Fenella Carpena, Shawn Cole, Jeremy Shapiro and Bilal Zia

No 5427, Policy Research Working Paper Series from The World Bank

Abstract: Microfinance, the provision of small individual and business loans, has witnessed dramatic growth, reaching over 150 million borrowers worldwide. Much of its success has been attributed to overcoming the challenges of information asymmetries in uncollateralized lending. Yet, very little is known about the optimal contract structure of such loans -- there is substantial variation across lenders, even within a particular setting. This paper exploits a plausibly exogenous change in the liability structure offered by a microfinance program in India, which shifted from individual to group liability lending.

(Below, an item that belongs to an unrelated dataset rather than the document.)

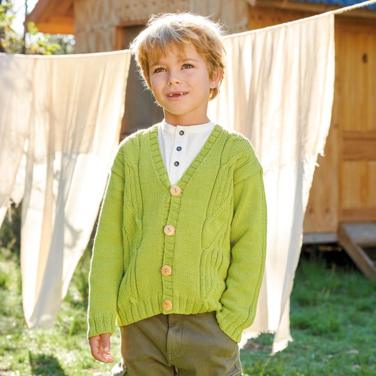 Cotton-Cashmere classic children’s cardigan knitting pattern This classic straight children’s cardigan is perfect for special looks. Follow a simple knitting pattern and enjoy Cotton-Cashmere, a soft and warm yarn. This cardigan features two large cables on the fronts, and can be knit in your favorite on-trend color.

The analysis finds compelling evidence that contract structure matters: for the same borrower, required monthly loan installments are 6 percent less likely to be missed under the group liability setting, relative to individual liability. In addition, compulsory savings deposits are 19 percent less likely to be missed under group liability contracts.

Keywords: Debt Markets; Bankruptcy and Resolution of Financial Distress; Access to Finance; Microfinance; Deposit Insurance (search for similar items in EconPapers)
Date: 2010-09-01
New Economics Papers: this item is included in nep-cta, nep-ias and nep-mfd
References: View references in EconPapers View complete reference list from CitEc
Citations: View citations in EconPapers (4)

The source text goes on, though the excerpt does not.